TOKYO — There were times when Carli Lloyd would train in secret. Perhaps she’d charge up and down a hotel stairwell. Perhaps, during a U.S. women’s national team camp, she’d pull up Maps on her phone. She’d seek a nearby field, or a quiet street, and she’d sneak out for a run.

For over a decade now, they’ve nourished her. Distance runs and intervals, early mornings and afternoons, rain or shine or even snow. She’ll go out her front door, 20 minutes down a never-ending Medford, New Jersey road, and 20 minutes back. If a day winds down, and her feet haven’t yet pattered across pavement or grass, her brain squirms. “She definitely gets a little on edge,” her husband Brian Hollins says.

“If I don't get my run in, it's on my mind the entire day,” Lloyd explains. “And then when I go do it, I feel so much better.”

But five years ago, Lloyd says, entering the 2016 Olympics, USWNT head coach Jill Ellis and high performance coach Dawn Scott wouldn’t let her.

Their reasons were likely backed by science, individualized data, empirical research that has refined our understanding of how elite athletes can optimize performance. Every major professional sports team employs data; weaponizes it; chases it in search of every last microscopic advantage. And it told the USWNT, at times, that Lloyd’s obsessive running was suboptimal.

It told her to do less. She wanted to do extra.

It told her to taper before games. She wanted to push.

It told her to rest up, especially coming off a knee injury in 2016. She wanted to run.

So she did, clandestinely, again and again. She says Ellis and Scott “denied” her. She “had to sneak out and run a massive amount of times.”

And did she ever consider that maybe, just maybe, she should subscribe to the science? That her personal methods were misguided and outdated?

Carli Lloyd has done it her way, and it's gotten her this far. (Photo by Howard Smith/ISI Photos/Getty Images)
Carli Lloyd has done it her way, and it's gotten her this far. (Photo by Howard Smith/ISI Photos/Getty Images)

Of course not, because they’ve accompanied her on a storied career that, even at age 39, is very much not slowing down. She knows, intimately, how she built her “aerobic base” and her “engine.” She had a longtime trainer, but has done most of it “by myself,” she says. No apps. No sports scientists. No GPS monitors. She feels in tune with her body; she thinks only she knows what it needs. And she has her own data as proof: 309 USWNT appearances, 16 years, five different positions, 126 goals, two World Cup titles, two Olympic golds.

And she’s adamant that running, stubbornly, week after week, year after year, is a primary reason for those numbers.

“If I didn't,” she believes, “I wouldn't be here to this day. I wouldn't still be playing.”

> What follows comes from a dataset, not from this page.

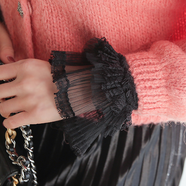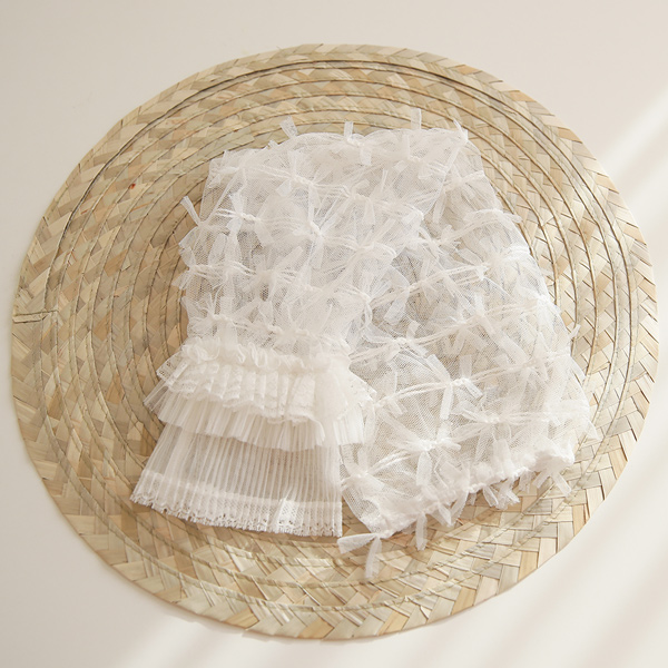 透视 蝴蝶结 褶边 蕾丝 袖口

Her longevity, in a way, is as defiant as she is. She recently chided a journalist who’d dared to even question whether she’d make a fourth Olympic roster. She did, of course, as the USWNT’s oldest Olympian ever. Last month, she became the program’s oldest-ever goalscorer. This month, she's needed, desperately. The gold medal favorites are struggling for goals here in Tokyo heading into a Friday quarterfinal against the Netherlands (7 a.m. ET, NBCSN). Lloyd, even at 39, might be their best clutch scoring threat.

After all, she’ll tell anybody who’ll listen: “I feel better now than I did at 25.”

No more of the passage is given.